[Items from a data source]
====================

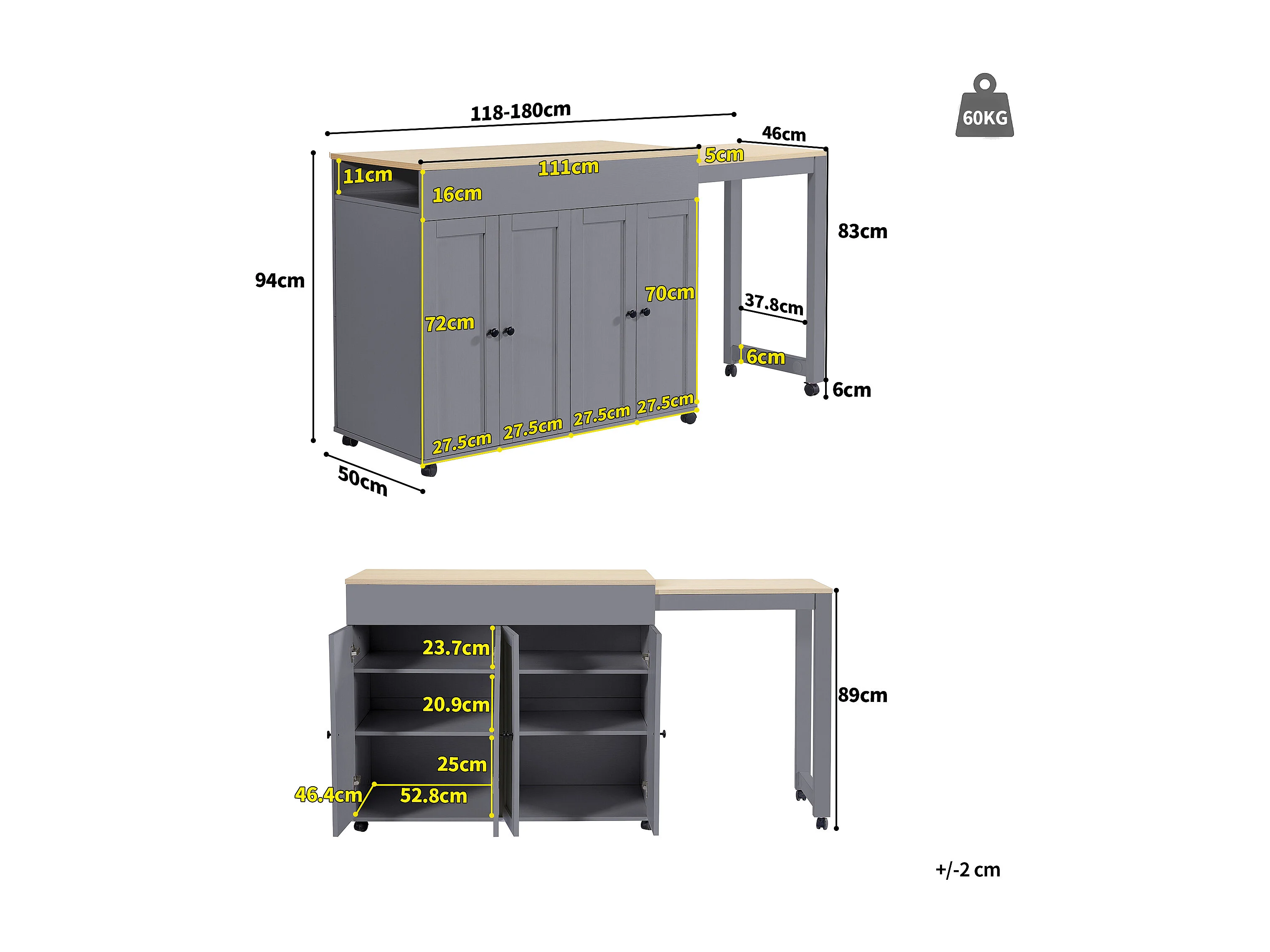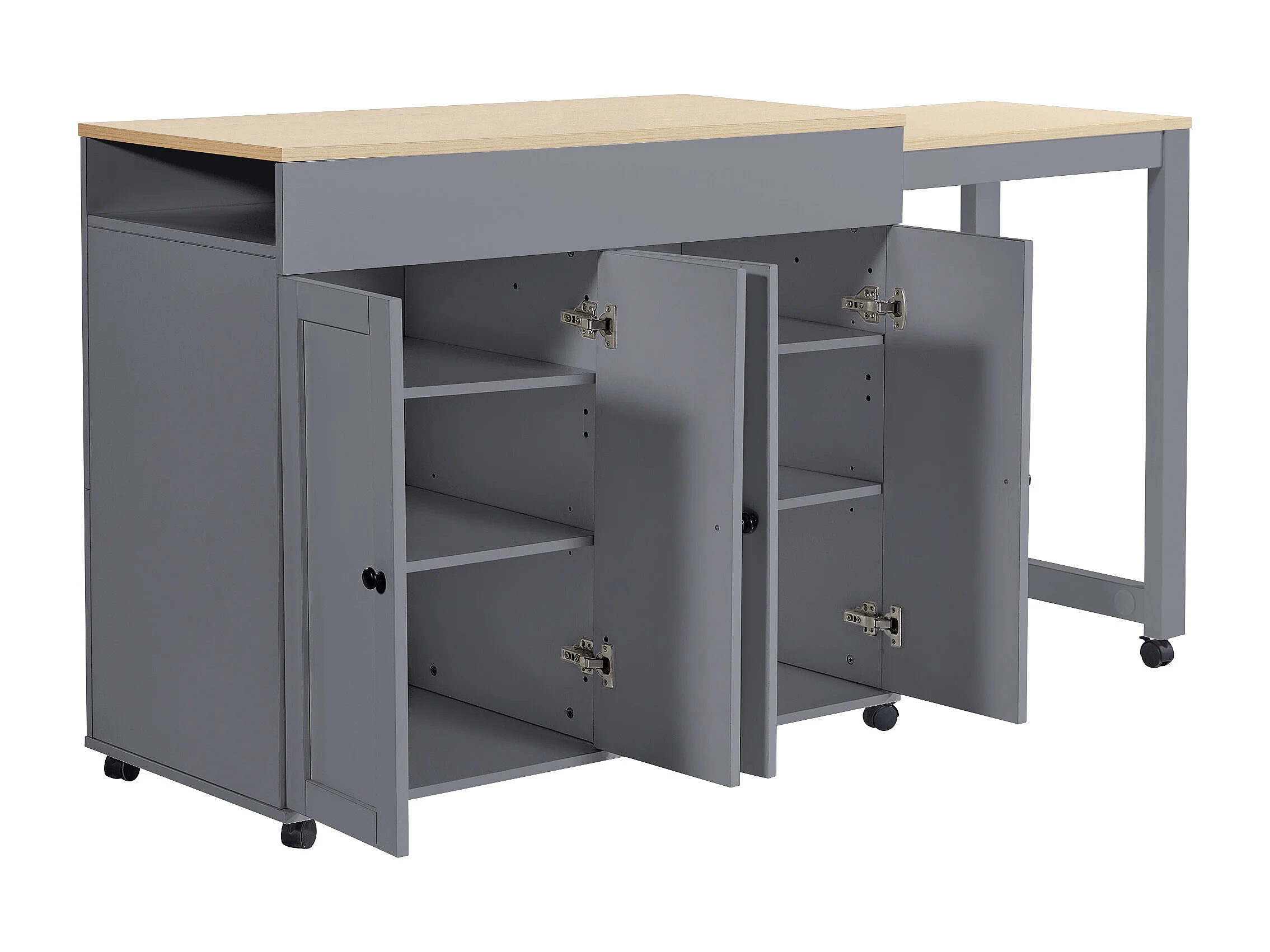 Moderner, ausziehbarer Bartisch – 118–180 x 50 x 94 cm – mit 4 Türen und 6 Ablagen – MDF – grau
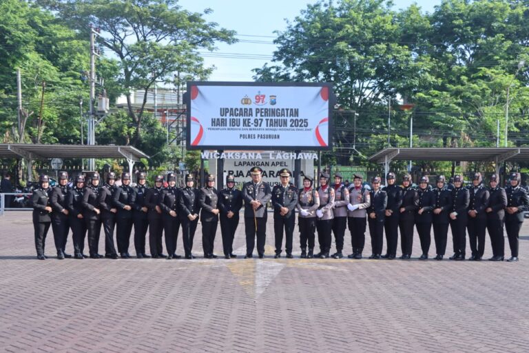 PASURUAN, Polres Pasuruan menggelar Upacara Peringatan Hari Ibu ke-97 Tahun 2025 sebagai bentuk penghormatan terhadap peran strategis perempuan, khususnya ibu, dalam membangun keluarga, masyarakat, dan masa depan bangsa menuju Indonesia Emas 2045 di Lapangan Mapolres Pasuruan, Senin (22/12/25).
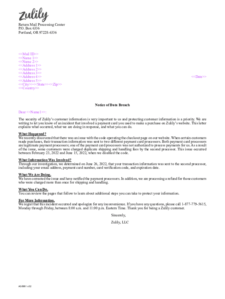 Get the free Notice of Data Breach Dear : The security of Zulily's ... - oag ca
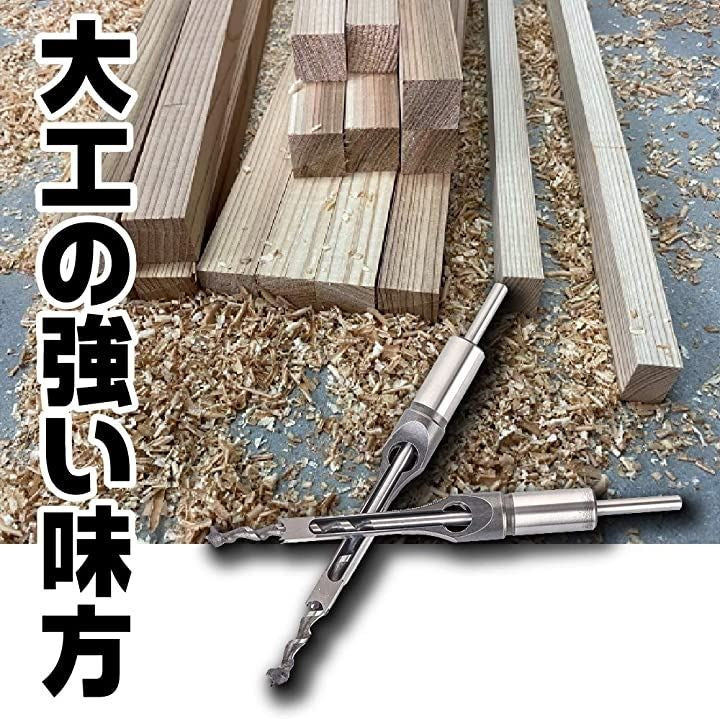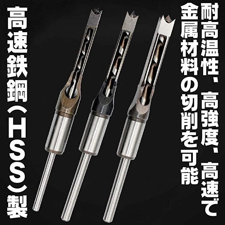 sac taske 角穴ドリル ほぞ穴 チゼル 高硬度 木工 ドリルビット 角のみ 穴あけ 電動工具 (2サイズセット) |
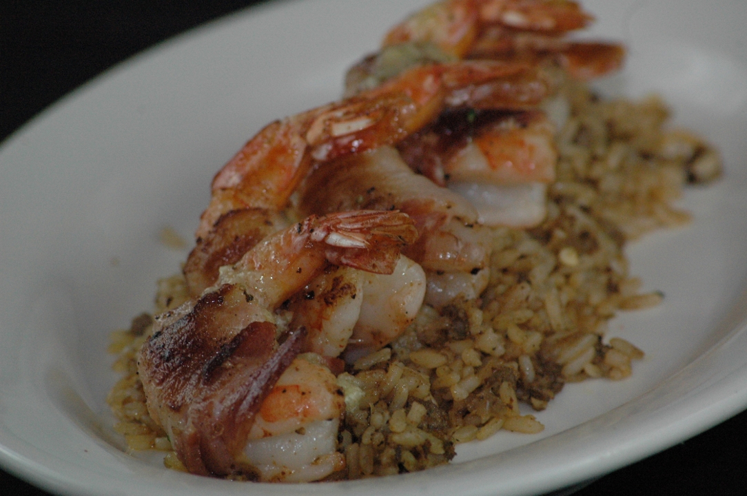 Hunter style shrimp: 5-Jumbo gulf shrimp wrapped in applewood bacon and served with house made remoulade and horseradish cocktail sauce.
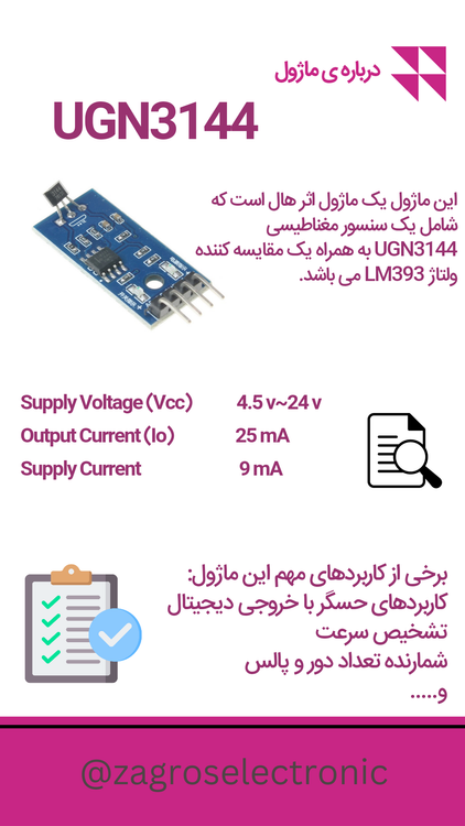 ماژول UGN3144 یک حسگر اثر هال (Hall-Effect Sensor) پیشرفته از شرکت Allegro MicroSystems است که به دلیل عملکرد بینظیر در شرایط دمایی بالا و حساسیت فوقالعادهاش، در صنایع مختلف از جمله خودروسازی، اتوماسیون صنعتی و الکترونیک مصرفی کاربرد گستردهای دارد. این حسگر با طراحی مونولیتیک و مشخصات مغناطیسی دقیق، به طور خاص برای عملکرد پایدار در دماهای بالا (تا 150+ درجه سانتیگراد) و تغییرات ولتاژ تغذیه طراحی شده است. در ادامه، به بررسی ویژگیها، کاربردها و مزایای این ماژول میپردازیم.
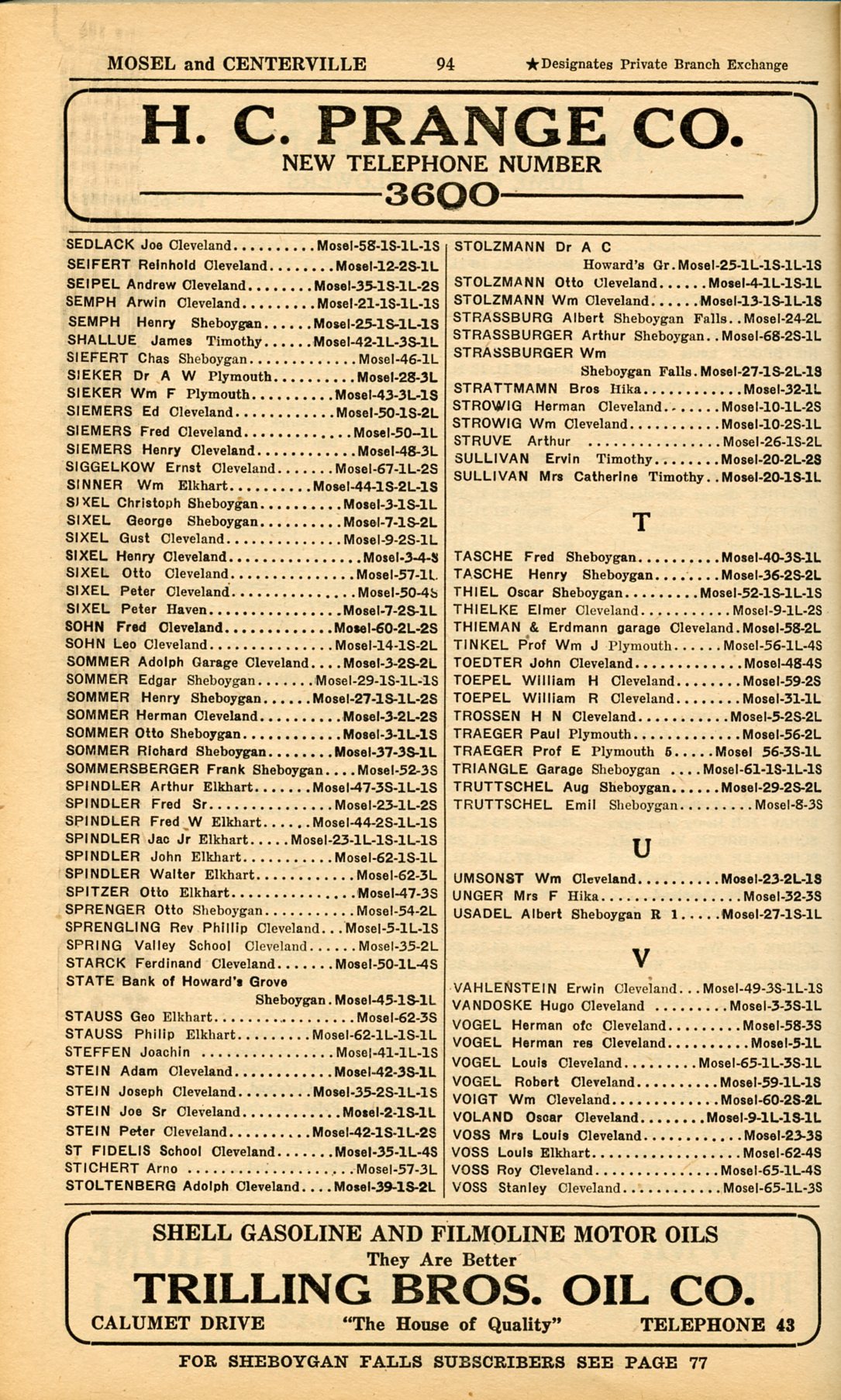 1928 Sheboygan Telephone Book, Page 94, Mosel and Centerville: Sedlack to Voss
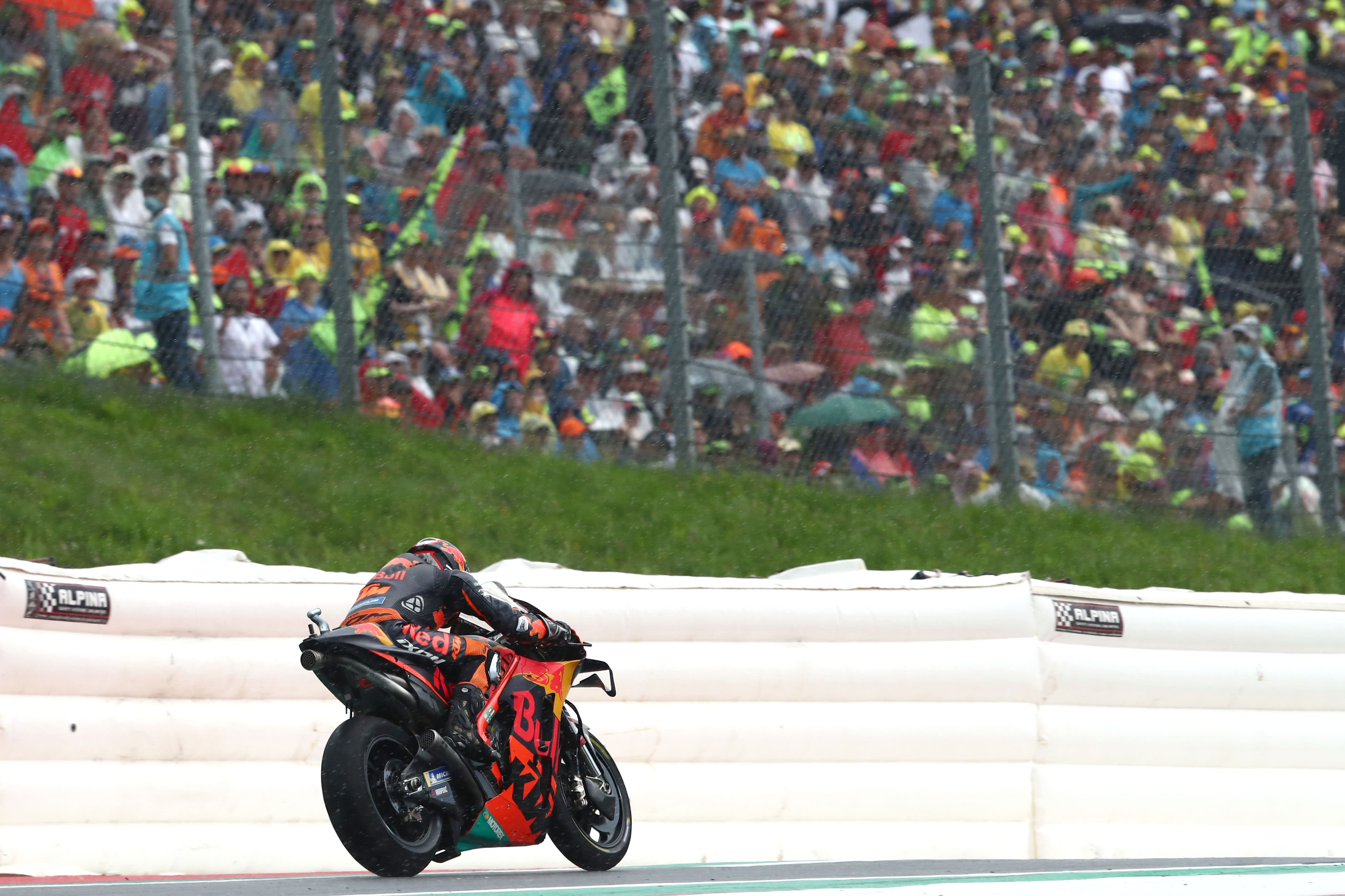 Bevor Binder den unerwarteten Heimsieg für Red Bull KTM Factory Racing einfuhr, war schon Minuten vor dem Start der MotoGP™ in Österreich Unruhe angesagt. Immer mehr dunkle Wolken zogen auf und der leichte Regen setzte ein - doch nicht genug für die Event-Organisatoren, um ein Regenrennen auszurufen.

====================

_Aim of the task_
Take the records from their first line through the line containing "Get the free" and please return exactly those lines, both ends included, minus the pictures.

_Solution below_
 Moderner, ausziehbarer Bartisch – 118–180 x 50 x 94 cm – mit 4 Türen und 6 Ablagen – MDF – grau
 PASURUAN, Polres Pasuruan menggelar Upacara Peringatan Hari Ibu ke-97 Tahun 2025 sebagai bentuk penghormatan terhadap peran strategis perempuan, khususnya ibu, dalam membangun keluarga, masyarakat, dan masa depan bangsa menuju Indonesia Emas 2045 di Lapangan Mapolres Pasuruan, Senin (22/12/25).
 Get the free Notice of Data Breach Dear : The security of Zulily's ... - oag ca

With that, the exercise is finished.